In some embodiments, the network component 210 comprises a plurality of local clocks, wherein the time validation is carried out separately for each local clock. In particular, a digital system with multiple ports, such as a switch, can have a separate hardware-based local time for each port, which must be correctly converted to a local time valid for the entire system in order to distribute the global time throughout the system.

In some embodiments, the method 100 is used in safety-critical applications, such as the automated driving of vehicles. To carry out the automated driving, a large number of components such as sensors, control units, switches etc. is provided, which are connected to each other in a network. The time validation according to the present disclosure contributes to the safe and reliable operation of this network and thus to safe and reliable automated driving.
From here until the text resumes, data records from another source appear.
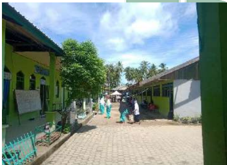
Halaman Depan Santri Putri Pondok Pesantren Syekh Hasan Yamani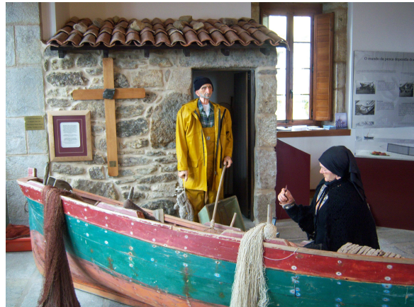
Museo de la pesca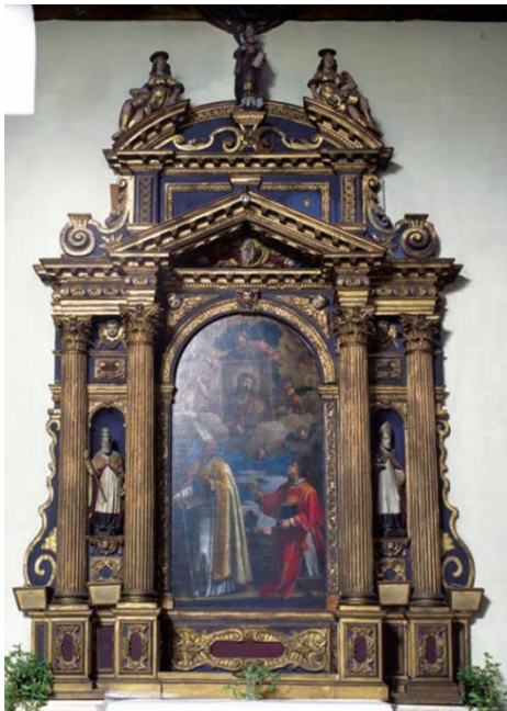
Slika 6 Girolamo Ridolfi, Oltar sv. Stjepana terminus post quem 1643., Crkva sv. Frane, Šibenik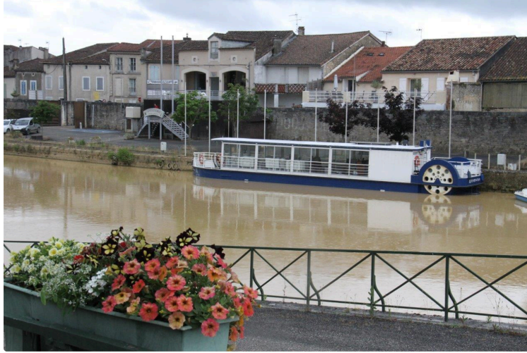
De nouveau à flot !

Le D'Artagnan a retrouvé son milieu naturel : les eaux de la Baïse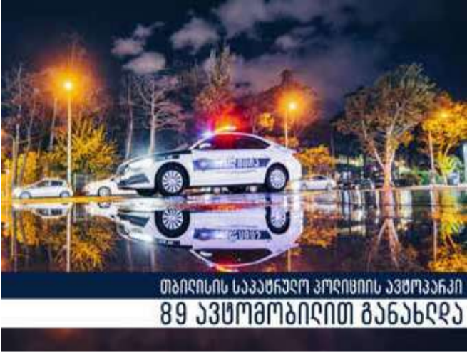
თბილისის საპატრულო პოლიციის ავტოპარკი 89 ავტომობილით განახლდა

საპოლიციო ინფრასტრუქტურის განახლების მიზანია, პოლიციელთა საქმიანობის ეფექტიანობის ამაღლება და მათი სამუშაო პირობების გაუმჯობესება. სამინისტრო მომავალშიც გააგრძელებს საპოლიციო ინფრასტრუქტურისა და აღჭურვილობის განახლება-გაუმჯობესების პროექტებს.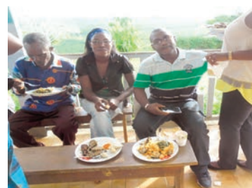
Des moments de bombance.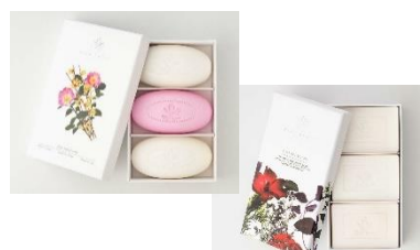
アッカカッパ ソープ ギフトセット ACCA KAPPA (1F)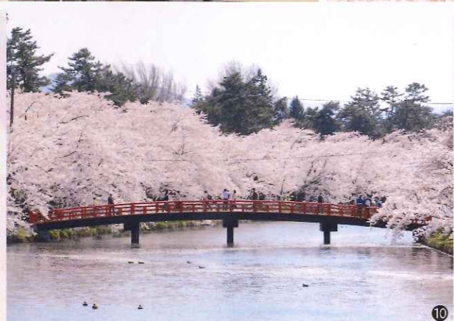
①天守と岩木山／②肩車で背が大きくなった気分／③桜のトンネル／④桜の下で家族の時間／⑤一面の花筏（はないかだ）／⑥同じ目線で見える桜／⑦友人との楽しいひととき／⑧花筏の中を泳ぐ外濠のカモ／⑨西濠の桜を眺めてひと休み／⑩旧紺屋町消防屯所横から春陽橋を眺めて／⑪西濠の歩道を散歩／⑫春陽橋から西濠をパシャリ／⑬ライトアップされた西濠／⑭二宮金次郎像もマスクをつけます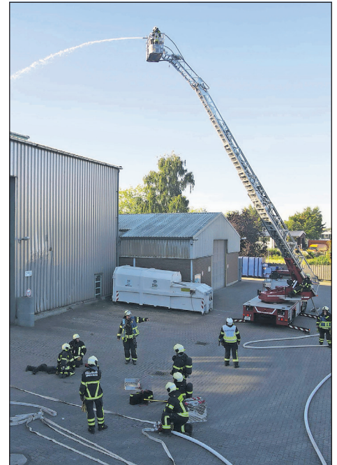
Rasches Handeln und koordinierter Einsatz waren bei der Großübung gefordert.

Die Freiwillige Feuerwehr Neustadt und alle weiteren freiwilligen Feuerwehren in der Region verdienen höchsten Respekt für ihren unermüdlichen Einsatz. Der Zweckverband Ostholstein (ZVO) bedankt sich für den Einsatz der Freiwilligen Feuerwehr Neustadt und wird auch zukünftig seine volle Unterstützung für solche wichtigen Aktivitäten in unserer Region gewähren. (red)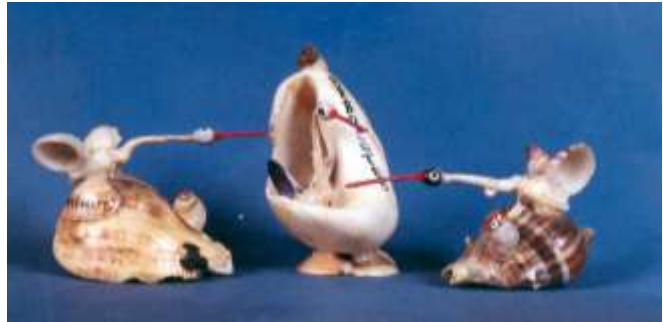
Miniaturas en conchas y caracoles Artesanías de Colombia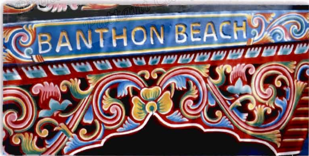
ภาพที่ 2.7 สีและลวดลายของเรือกอและ (2561)

การใช้สีโดยทั่วไปช่างทาสีเรือกอและ จะนิยมใช้สีน้ำพลาสติก และจะใช้น้ำมันยางและชันยาเรือลงรองพื้นก่อน เพื่อป้องกันและรักษาเนื้อไม้ สีที่นิยมกันมากคือ สีดำ สีเขียว สีแดง เป็นสีพื้น นอกจากนี้มีสีทอง เหลือง เทา และขาวเป็นสีที่ให้ลวดลาย ลวดลายอาจมีอิทธิพลของความเชื่อ ค่านิยม และสภาพแวดล้อมมีผลต่อการสร้างสรรค์ลวดลายเหล่านี้ (สมใจ ศรีนวล, 2547, น. 49)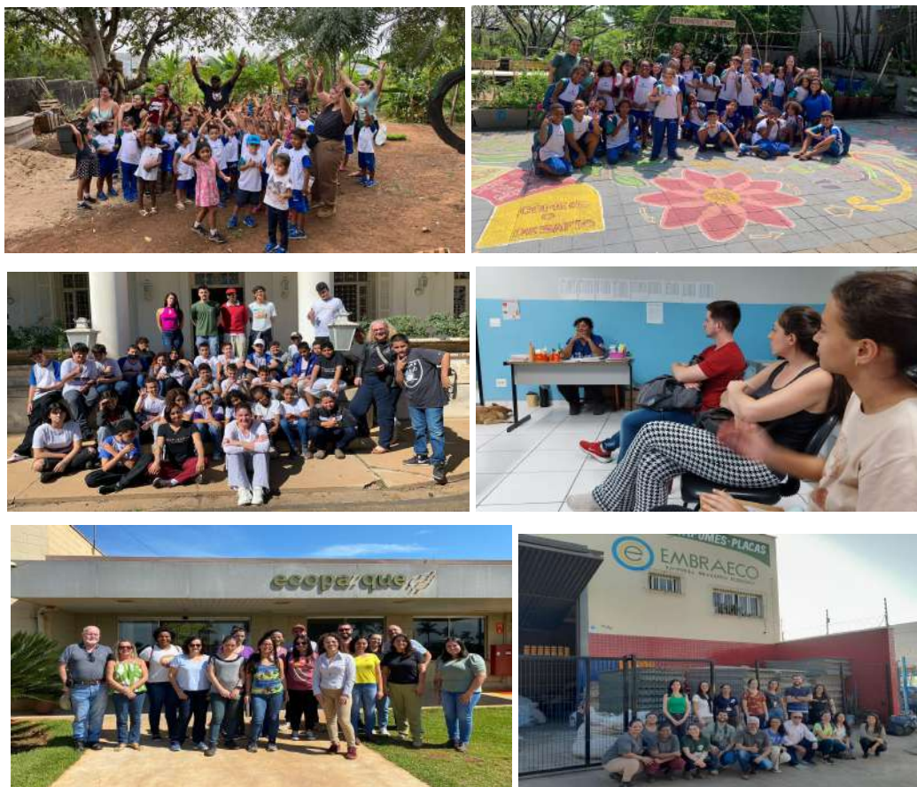
Imagens 31 a 36: Fotos de visitas educativas, realizadas no âmbito do projeto Rota dos resíduos: Percursos para a sustentabilidade, em espaços de diferentes parceiros.

Instituído pela Lei n. 6.922/2010; regulamentado pelo Decreto n. 14.611/2012.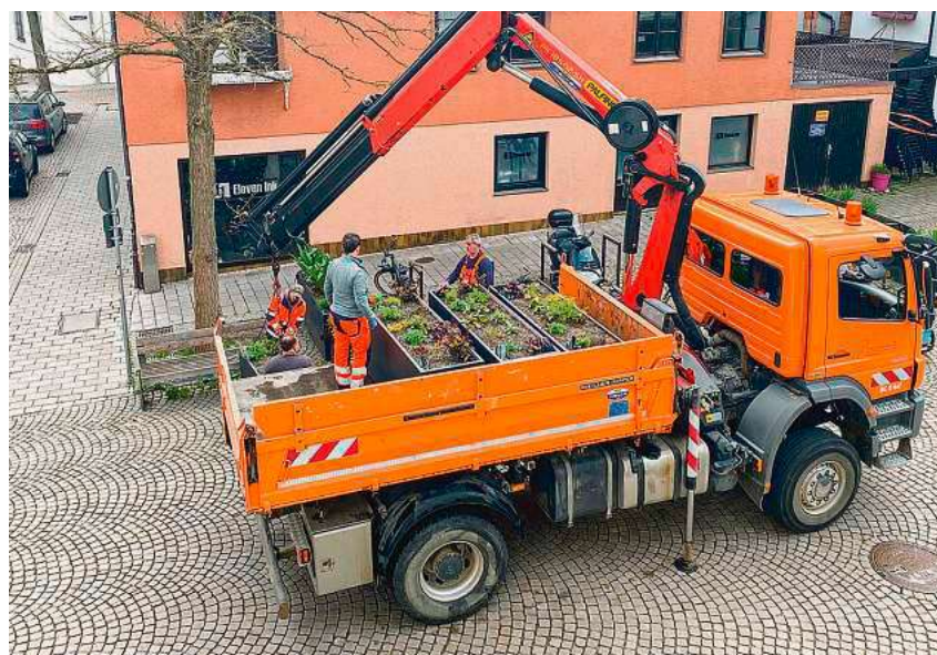
Die Begrünung und Bepflanzung der öffentlichen Flächen geht weiter: In dieser Woche wurden auch auf dem Hafenplatz neu bepflanzte Kübel aufgestellt.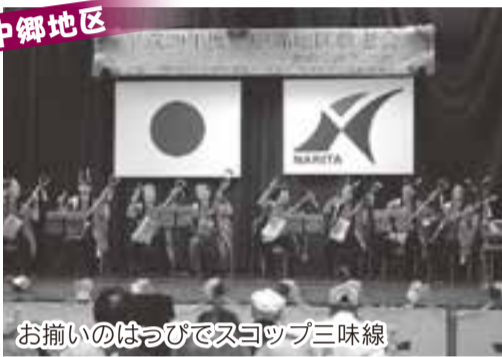
お揃いのはっぴでスコップ三味線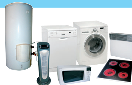
LAVAGE / CUISSON / CHAUFFAGE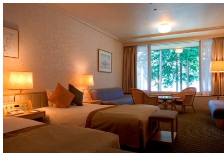
別館スーペリアツインルームイメージ

According to the present disclosure, a temporal relation of a local clock is determined by determining a difference in the local time at two defined time points. In other words, an offset of the local time is determined. This relation or time difference must meet certain conditions in the fault-free case, such as being within a specific interval and/or always having a positive value. If this is not the case, a fault can be detected. For example, an overflow of the local clock can be detected if the difference is negative. This makes it possible to correctly identify a permanent error and to avoid misclassifying it as a temporary (transient) error. As a result a reliable time validation is made possible.

Although the present disclosure has been illustrated and explained in greater detail using preferred exemplary embodiments, the disclosure is not restricted by the examples disclosed and other variations can be derived therefrom by the person skilled in the art without departing from the scope of protection of the present disclosure. It is therefore clear that a large number of variations exists. It is also clear that exemplary embodiments cited are really only examples which are not in any way to be understood as limiting, for example, the scope of protection, the application possibilities or the configuration of the disclosure. On the contrary, the preceding description and the description of the figures enable the person skilled in the art to put the exemplary embodiments into practice, wherein the person skilled in the art, knowing the disclosed idea, can make various changes, for example with regard to the function or arrangement of individual elements mentioned in an exemplary embodiment, without departing from the scope of protection which is defined by the claims and their legal equivalents, such as further explanations in the description.

The foregoing disclosure has been set forth merely to illustrate the present disclosure and is not intended to be limiting. Since modifications of the disclosed embodiments incorporating the spirit and substance of the present disclosure may occur to persons skilled in the art, the invention should be construed to include everything within the scope of the appended claims and equivalents thereof.